Court Opinion

ID: 6414451
Source: CourtListenerOpinion
Date Created: 2022-06-25 11:55:06.802293+00
Date Added: 2024-06-11T15:51:29.494448
License: Public Domain

Dewey, J.
The demandant asserts his right as a child of George M. Prentiss, deceased, to maintain the present action to recover certain real estate lately belonging to said Prentiss. The defence is, that George M. Prentiss died testate, having duly made his last will and testament, by which he disposed of all his property to other persons, and made his widow, Emily A. L. Prentiss, the residuary devisee of all his estate, real and personal, The fact of the existence and probate of such a will is conceded, and the only inquiry is, whether the case of the demandant falls within the provisions of Gen. Sts. c. 92, § 25, as the case of a child not provided for in the will of the testator. The demandant is the child of the testator, and was of the age of ten days at the time of the decease of his father. No provision was made for him in the will; and the sole inquiry is, whether it is sufficiently made to appear that such omission was intentional, and not occasioned by accident or mistake. The evidence upon this point is here furnished solely upon the face of the will. The testator, contemplating the event that has occurred in the birth of this child as one that might occur, has *49signified his purpose as to such child. All that is necessary to be shown is, that the matter was in the mind of the testator, and by him deliberately acted upon. Where a testator devised his estate to the children of his daughter, describing them as such, but giving no legacy to the daughter, this was held sufficient to exclude her from a distributive share of his estate. Wild v. Brewer, 2 Mass. 570.

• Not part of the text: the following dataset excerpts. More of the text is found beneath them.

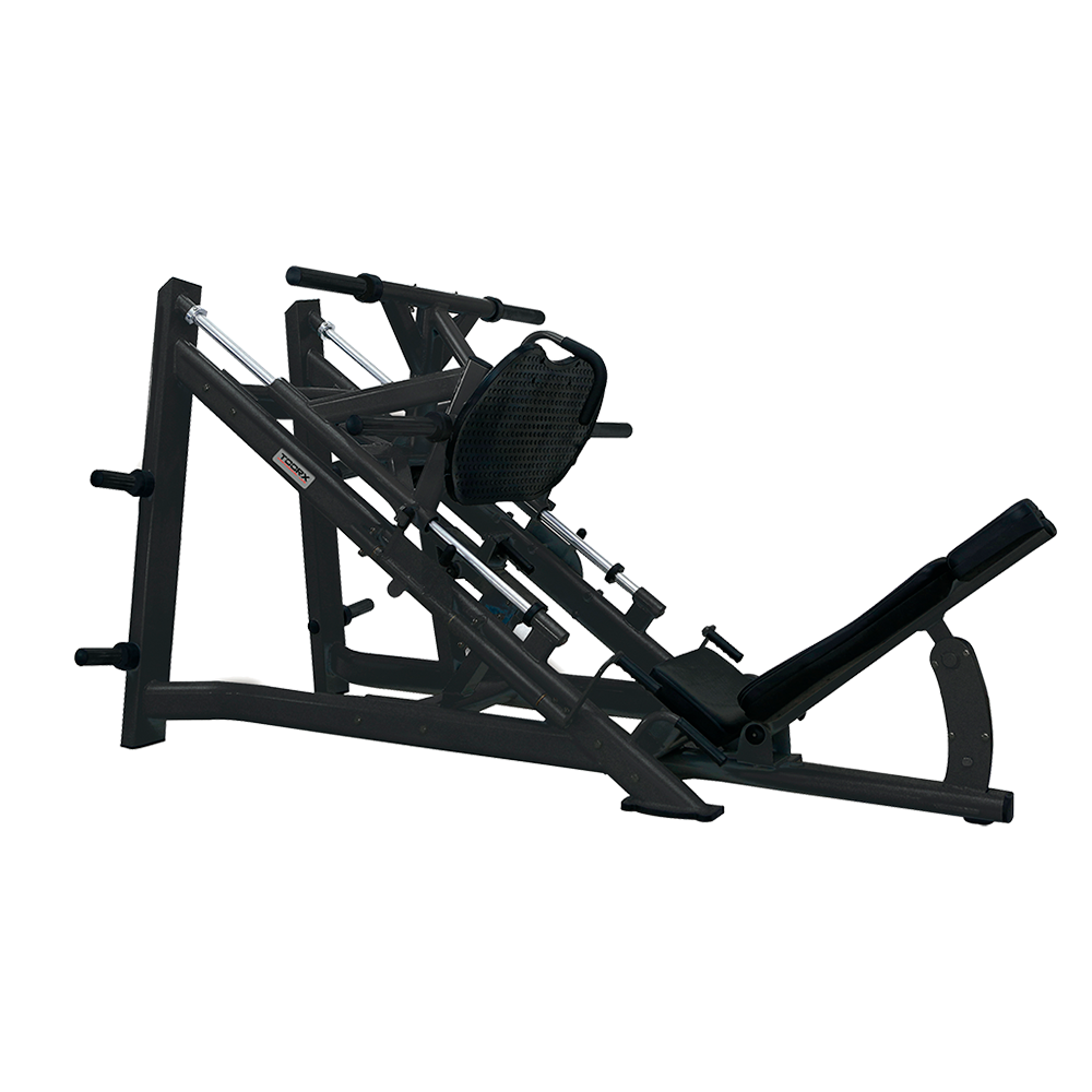 Prensa de pernas com encosto e inclinação ajustável em 3 posições.
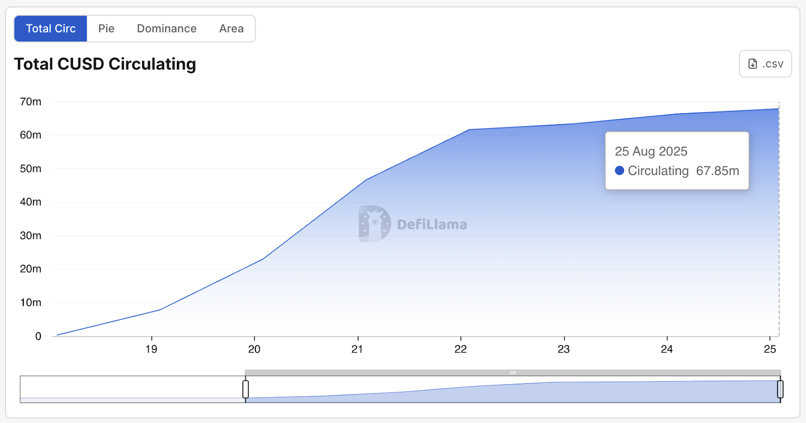Cap Labs’ new stablecoin cUSD has seen rapid adoption since launch, climbing to $67.85 million in circulation over the past week, according to DefiLlama.
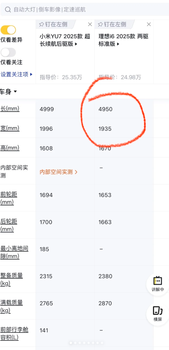 先看核心的“价格与配置倒挂”现象。理想i6不仅指导价更低,在关键配置上还更“舍得给”。智能驾驶层面,理想i6标配城市+高速路段导航辅助驾驶、循迹倒车、记忆泊车,甚至连高精度地图选装包都是标配;而小米YU7的这些智驾功能全需“额外掏钱选装”,单是匝道自动驶出(入)、高速路段导航辅助驾驶的选装成本,就可能让两车实际价差进一步拉大。有网友算过一笔账:“小米要选装到理想i6的智驾水平,至少得多花2万,这么算下来理想反而便宜了近2.5万”。
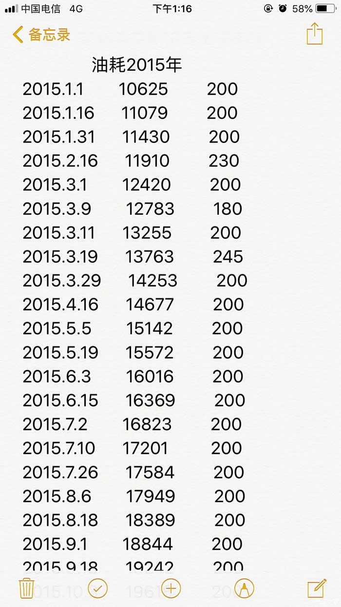 k3的油耗记录,从里面可以看出,基本也是一个月加两次油,每次200元左右,一个月400到450元的样子。

Here the language is very significant. It is a direct and expressed exclusion of “ any child born to me before or after my decease,” from setting up a claim to the estate. As was decided in Bancroft v. Ives, 3 Gray, 367, the statute applies to children bora after the making of the will and before the death of the father. But it is the entire statute, with all its limitations, and it is unavailing where it appears that the exclusion of such a child was intentional. This does appear in the present case, and therefore the title of the demandant to the real estate demanded is not sustained.